“Our Nation’s Icon of Freedom” performed handsomely. Abraham Lincoln’s reconstructed funeral hearse joined about 1,250 Civil War re-enactors, women dressed in period costumes, and many sightseers along a route from downtown Springfield’s train station to old capitol square and eventually to Oak Ridge Cemetery. Lincoln was buried there on May 3, 1865. The hearse, in my opinion, was the essential participant in the 150th anniversary re-creation of this event on May 3, 2015.

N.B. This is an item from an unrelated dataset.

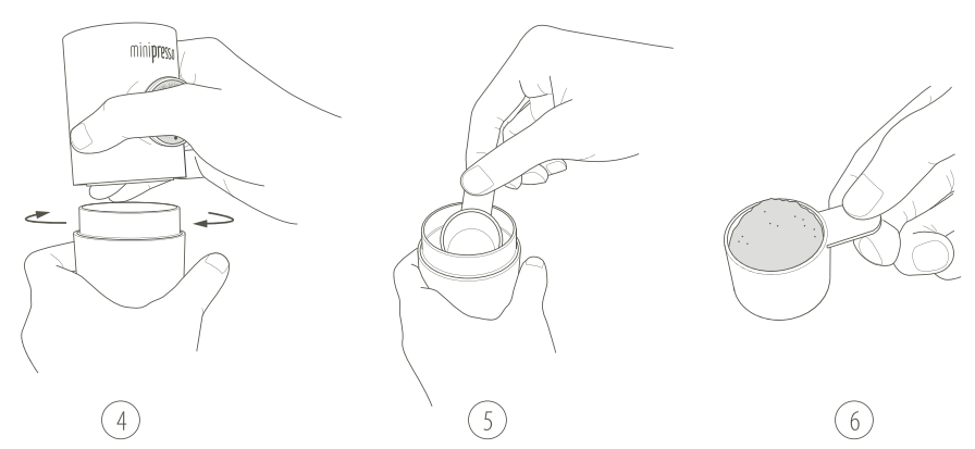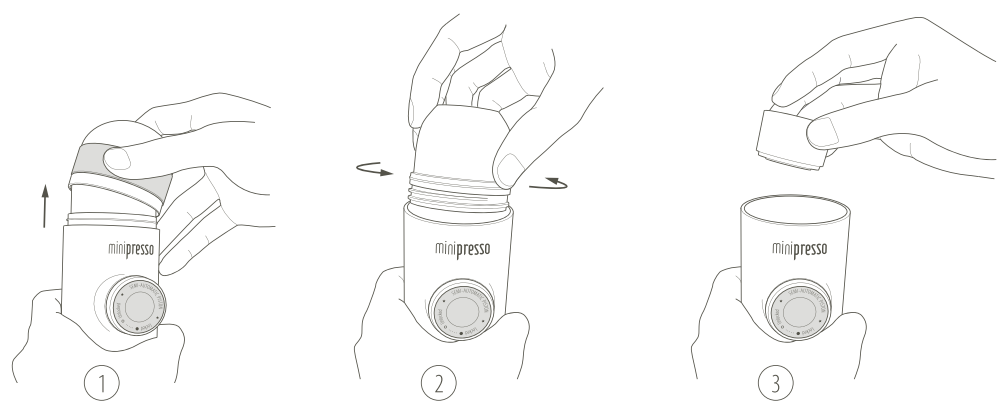 - Pré-aqueça todas as peças MiniPresso, bem como a xícara, executando um ciclo somente com água quente.

On April 21, 1865, President Lincoln’s body left Washington, DC and for 12 days traveled to Springfield via more than 160 communities where citizens paid tribute to the assassinated leader. In 12 cities along the route formal funerals were held. As the 150th anniversary approached, extraordinarily dedicated men and women, including many military veterans, worked for 18 months to rebuild an exact replica of the hearse that was completely destroyed in a fire. Their main inspiration was a single 19th century photo. I’m happy to report that all of them were able to attend the ceremony thanks to the generosity of Mark and Terri Greenwald and the Homesteaders Life Company.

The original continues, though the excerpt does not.